Updates on DOD’s military-family moves
New complaint site, new contract ramps up, and an old contractor doesn’t get paid for work performed
DOD does logistics on a scale few other organizations touch with enormous capability and redundancy. Unfortunately there are also failures, including a seemingly growing problem with military housing and moves. Stars and Stripes recently reported the Pentagon has launched a website to track military housing issues, allowing service members and their families to submit feedback on their living conditions.
This follows years of inadequate oversight that led to serious problems such as pest infestations and mold. The feedback system aims to enhance the usual transparency and accountability, providing dissatisfied military families a single touchpoint to direct complaints.
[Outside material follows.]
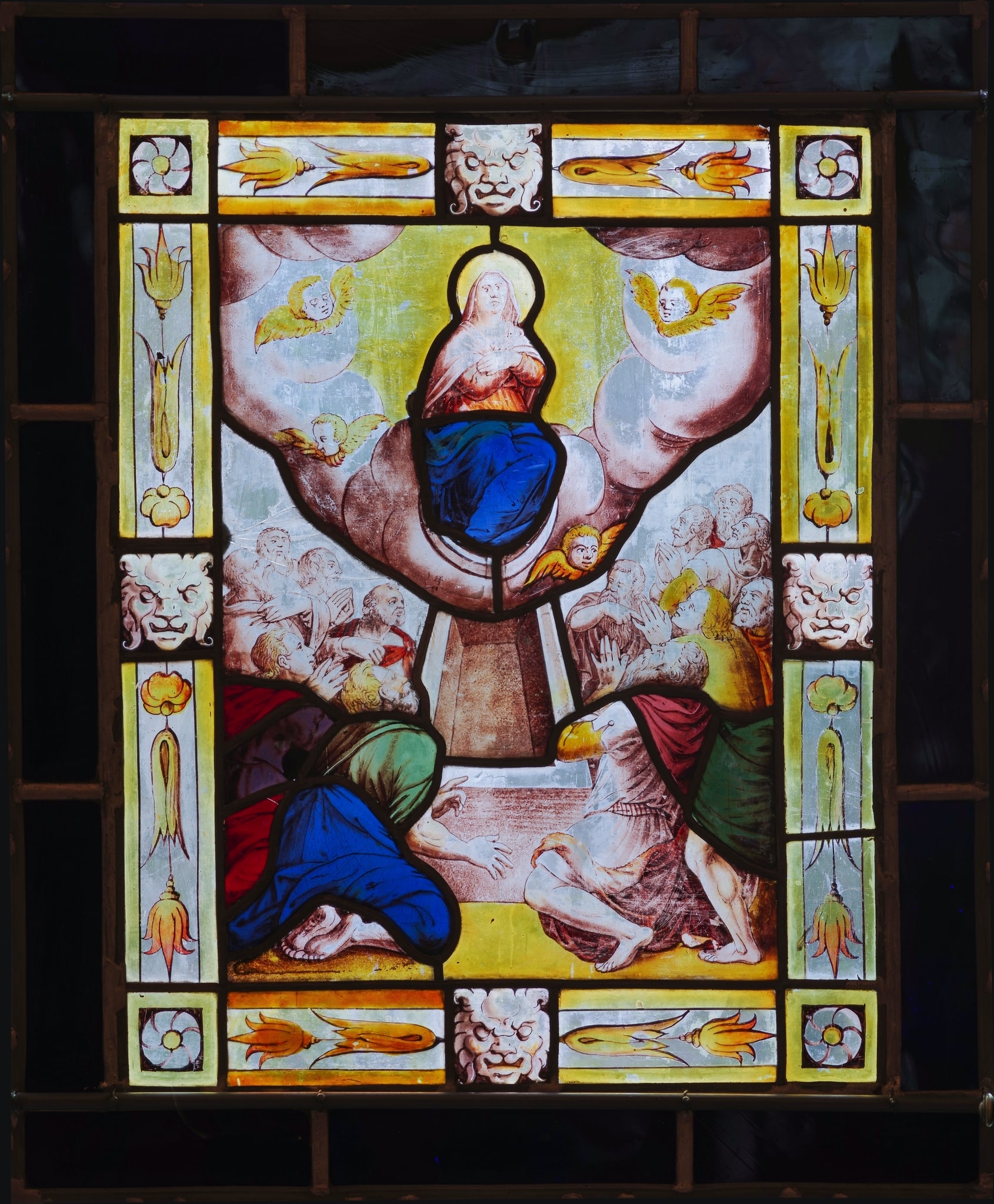 Vitrail rectangulaire représentant l’Assomption de la Vierge Marie, assise sur un croissant de lune, s’élevant dans une nuée entourée de quatre têtes d’anges ailées. Dans la partie inférieure, des apôtres sont agenouillés de part et d’autre du tombeau vide observent la scène les mains jointes. La composition centrale est encadrée dans une bordure ornée de fleurs, de rosaces et de mascarons, elle-même montée dans un pourtour moderne noir et dans une vitrerie à losanges du XIXe siècle.

The site includes resources for submitting maintenance requests and initiating dispute resolution.
FedNewsNetwork reports that DOD is ready to start ramping up its new military-move contract. “The expansion of work under the up-to-$17.9 billion Global Household Goods contract (GHC), set for September, will mark DoD’s first attempt to use GHC beyond the short-distance, local moves it has been using to test the new program since April. ”
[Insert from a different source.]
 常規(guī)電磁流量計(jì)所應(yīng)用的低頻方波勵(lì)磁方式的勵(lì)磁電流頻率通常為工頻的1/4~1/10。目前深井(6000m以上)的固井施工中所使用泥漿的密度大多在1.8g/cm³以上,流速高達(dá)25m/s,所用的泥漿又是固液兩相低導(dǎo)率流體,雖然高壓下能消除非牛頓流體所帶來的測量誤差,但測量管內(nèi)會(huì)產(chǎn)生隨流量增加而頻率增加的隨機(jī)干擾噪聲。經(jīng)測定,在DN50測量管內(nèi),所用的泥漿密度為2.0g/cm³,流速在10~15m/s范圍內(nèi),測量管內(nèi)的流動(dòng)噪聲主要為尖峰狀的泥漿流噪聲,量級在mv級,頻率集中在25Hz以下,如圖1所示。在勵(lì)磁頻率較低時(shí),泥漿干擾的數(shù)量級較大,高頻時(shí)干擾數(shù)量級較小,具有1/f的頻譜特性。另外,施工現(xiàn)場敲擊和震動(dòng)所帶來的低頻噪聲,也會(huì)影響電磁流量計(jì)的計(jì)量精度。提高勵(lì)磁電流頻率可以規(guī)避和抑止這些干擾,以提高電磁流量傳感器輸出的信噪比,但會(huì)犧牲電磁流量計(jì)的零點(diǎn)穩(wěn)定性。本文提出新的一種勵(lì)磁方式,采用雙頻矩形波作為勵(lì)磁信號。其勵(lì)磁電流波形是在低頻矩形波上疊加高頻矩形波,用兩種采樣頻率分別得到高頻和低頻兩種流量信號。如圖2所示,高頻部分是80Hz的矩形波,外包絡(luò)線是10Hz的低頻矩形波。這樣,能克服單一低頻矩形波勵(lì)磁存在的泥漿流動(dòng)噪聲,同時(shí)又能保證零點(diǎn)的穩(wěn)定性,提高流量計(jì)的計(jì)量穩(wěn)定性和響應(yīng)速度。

Why you file a claim even as you amicably work to get paid
Meanwhile, Platinum Services provided military moves to DOD via Army contract between 2010 and 2013. The company was unable to get paid for certain moves everyone agrees it conducted because DOD misplaced servicemembers’ orders authorizing the moves. Platinum worked with Army attempting to resolve this issues, including the following communications:
- 2012: More than 70 emails
- 2013: Over 60 emails
- 2014: 25 emails
- 2015: Approximately 134 emails
- 2016: Over 130 emails
- 2017: 54 emails
- 2018: More than 40 emails
Unfortunately, Platinum never submitted certified a claim as required by FAR § 33.207, and so the statute of limitations on nonpayment of the invoices expired. Platinum argued ASBCA should equitably toll the statute of limitation, but that requires willful misconduct to trick the other party into not filing certified claims, so Platinum will not be paid for these completed, accepted moves. Let this be a lesson to the trigger-shy:
It is well-established “[t]here is no . . . inconsistency between” the submission of a claim and “an expressed desire to continue to mutually work toward a claim’s resolution. [P]arties are not prevented or discouraged from settling their differences because the first written demand for payment as a matter of right that is not merely a routine request for payment is recognized and treated as a CDA ‘claim.’ If anything, such a rule promotes settlement by preventing procrastination.”
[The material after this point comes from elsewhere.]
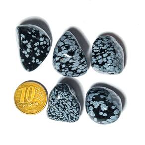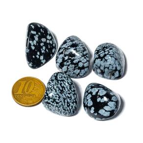 Obsidiana Flocos de Neve Rolada 30–45mm | Pedra Natural Importada Pedra autêntica e importada dos EUA, formada por lava vulcânica resfriada com água e sílica. A Obsidiana Flocos de Neve possui aparência marcante com fundo preto e cristais brancos que lembram neve. Ideal para colecionadores, decoração energética, artesanato ou uso esotérico.

Whether this is a “win” for DOD is a more complicated question than ASBCA’s findings: the Pentagon let a new iteration of contracts for service-member moves that entangled contractors into Service Contract Act compliance, a slow-moving disaster everyone saw coming. Everyone now needs to row together to provide military families bare minimum service levels during their stressful, mission-mandated moves.